POSTS
Everybody Loses
Thoughts on Silent Hill 4: The RoomFrom the very first installment, the Silent Hill franchise established a distinctive brand of horror–grotesque yet fundamentally psychological. That intimidated me years before I would start playing myself. I still remember reading about the industry preview of the first game at E3, with audience members leaving the Konami booth in disgust.
I jumped on at Silent Hill 2 and found a game which remains one of my favorites to this day. Silent Hill 3 suffered from a more action-oriented design which disappointed fans of the more cerebral terror of its predecessors, myself included. When the promotional material for the fourth game revealed Konami doubling down on the action element (a health bar felt blasphemous), I was out.
I would occasionally wonder about the game as years passed.
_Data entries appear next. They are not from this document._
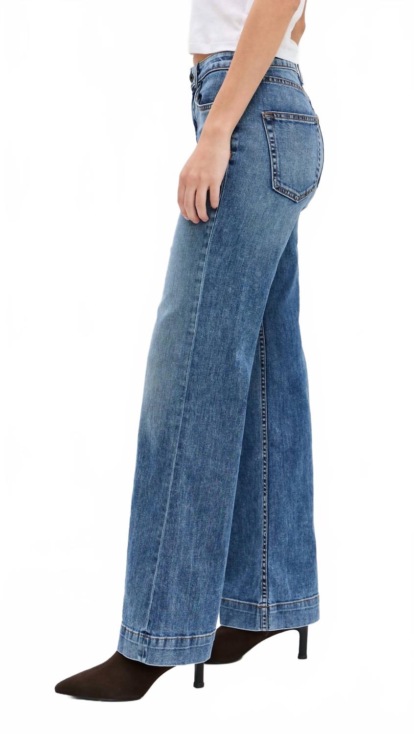 Подчеркивающий фигуру силуэт и удивительно универсальная модель. Выразите себя в джинсах Juniper Wide Leg от ASKK NY, сшитых из неэластичного денима средней плотности средней степени стирки, подчеркивающего фигуру. Эти джинсы с высокой посадкой, произведенные в США, застегиваются на пуговицы и молнию и имеют удобный крой с пятью карманами. Состав: 98% хлопка и 2% полиуретана, они созданы для комфорта и долговечности. Эти джинсы имеют точные размеры, начиная с 25-го размера: посадка 23 см, длина внутреннего шва 88 см и ширина брючины 52 см. Инструкция по уходу: машинная стирка в холодной воде.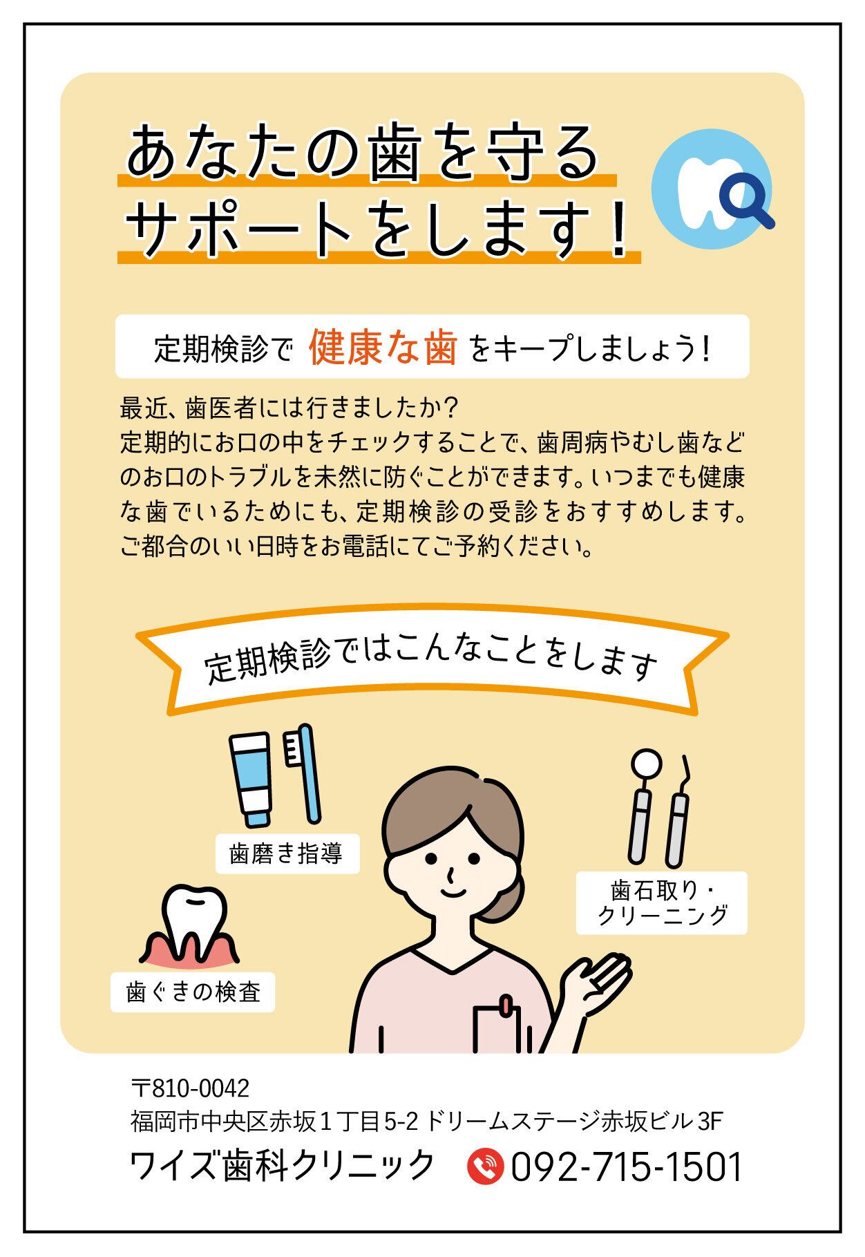 定期検診で行う主な内容を載せ、患者様がイメージしやすいような内容になっています。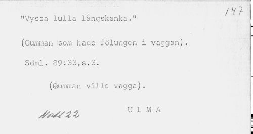 //// in //// "Vyssa lulla langskanka." //// (Gumman som hade fölungen i vaggan). //// Sdml. 89:33,s.3. //// (Summan ville vagga). //// JM** u L M A , //// ¦ //// i ////
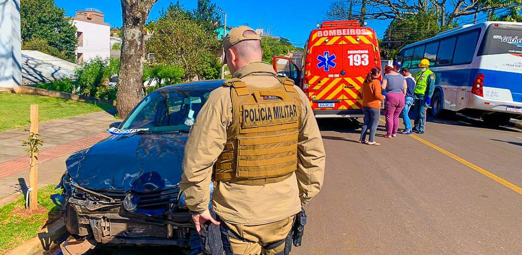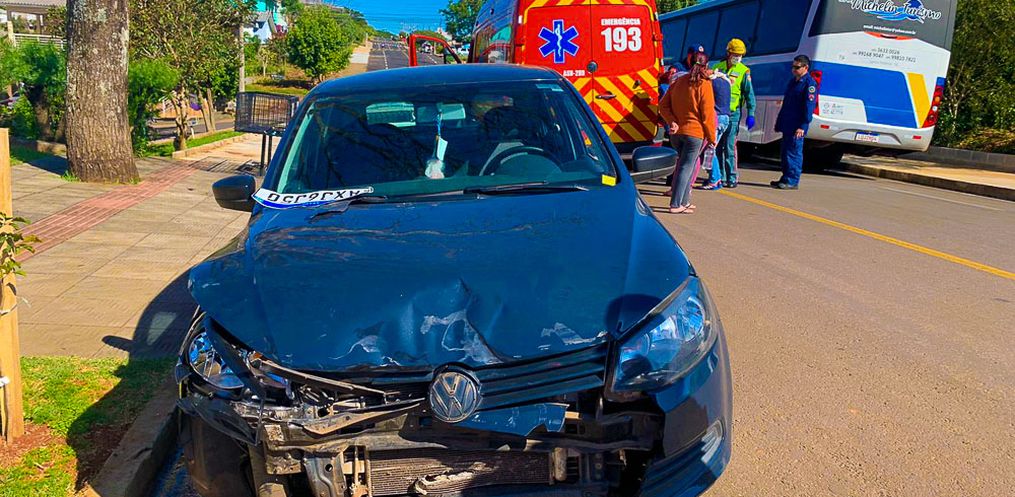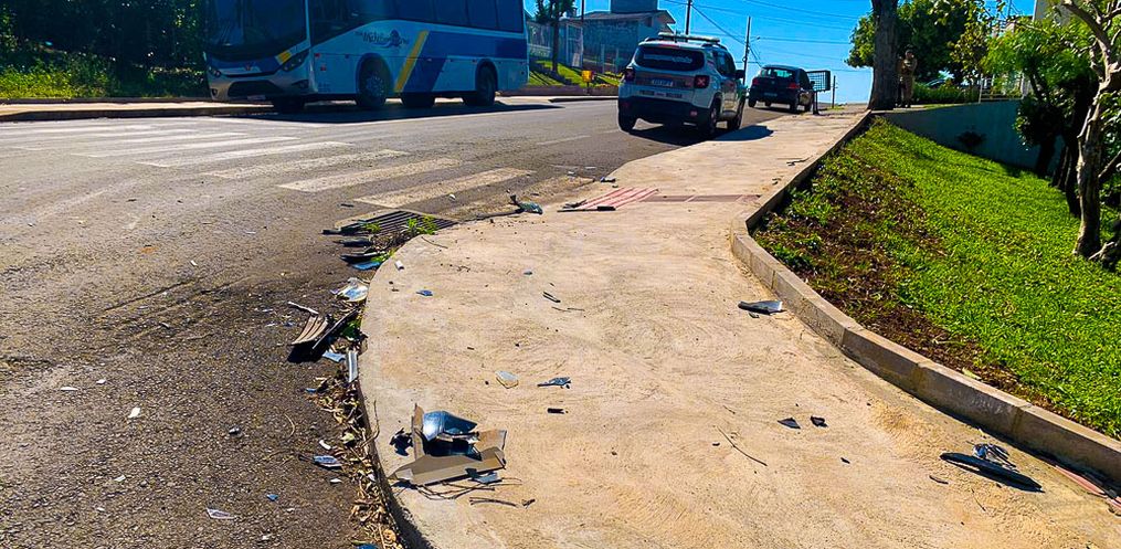 Um motociclista ficou ferido ao ser atingido por um carro no cruzamento das ruas Marcilio Dias com Firmino Dalbosco, no bairro Jardim Peperi, em São Miguel do Oeste, na tarde desta terça-feira, 30.

Every time critics panned a subsequent installment, I’d hear more about Konami’s legendary “Team Silent”–the group of designers who disbanded following 4. It agitated the completionist in me to think that I’d left a tetralogy (in spirit) unfinished. With fans insisting that it boasted some of the series’ creepiest moments even ten years later, I figured it couldn’t be all bad. In the spirit of challenging my grudges, I decided to give it a shot. (Though I still dragged my feet a bit, but can you blame me? After three years of COVID-19 precautions, the “stuck in your apartment” motif would test even the most jaded player’s tolerance for irony.)
Right away, Silent Hill 4 gave me a perverse kind of hope in the dread it inspired. The opening cinematic almost spooked me into turning away. Pressing on, I met characters who communicated through consistently stilted dialogue. This struggle to express oneself will be familiar to players of the prior releases, but it also evokes a more universal dream state of reduced agency. My first few sessions were cut short by my aversion to simply existing in those spaces, harkening back to summer nights in the basement with Silent Hill 2 (though I never felt the need to turn the lights on this time around).
The game confirmed my pessimistic suspicions almost as quickly. Enemies abound, so their presence quickly becomes mundane. Even the most well-designed among them (Twin Victim, I’m looking at you) come to feel less like “monsters” and more like “baddies.” In what feels like Team Silent’s desperate attempt to make this work, the game introduces new action mechanics such as melee weapon charging, item quick-change, and temporary status buffs. Among those buffs are the “anti-spirit effects” granted by the “Saint Medallion.” Such an artifact would have felt as awkward in the original Silent Hill as a flower which allowed you to shoot fireballs out of your fingertips. For good measure, this installment limits the number of items you can carry, introducing an annoying inventory management theme.
Just like the environments themselves, the gameplay and storytelling deteriorate from there.
Enemy encounters go beyond mundane and become annoying. Invincible “ghosts” pester you while you search for items, and enemies crowd some rooms to such an extent that they threaten the stability of the game engine. The preponderance of hostiles is sometimes the only remarkable development since the game marches you through every location twice. Even when the environments are fresh, the dumbed-down map mechanic ensures that you never feel the uncertainty or vertigo of the prior installments1. And they’re bright; you never find a hallmark flashlight because you never need one (the signature enemy-detecting radio’s also gone, presumably because it would be emitting static constantly).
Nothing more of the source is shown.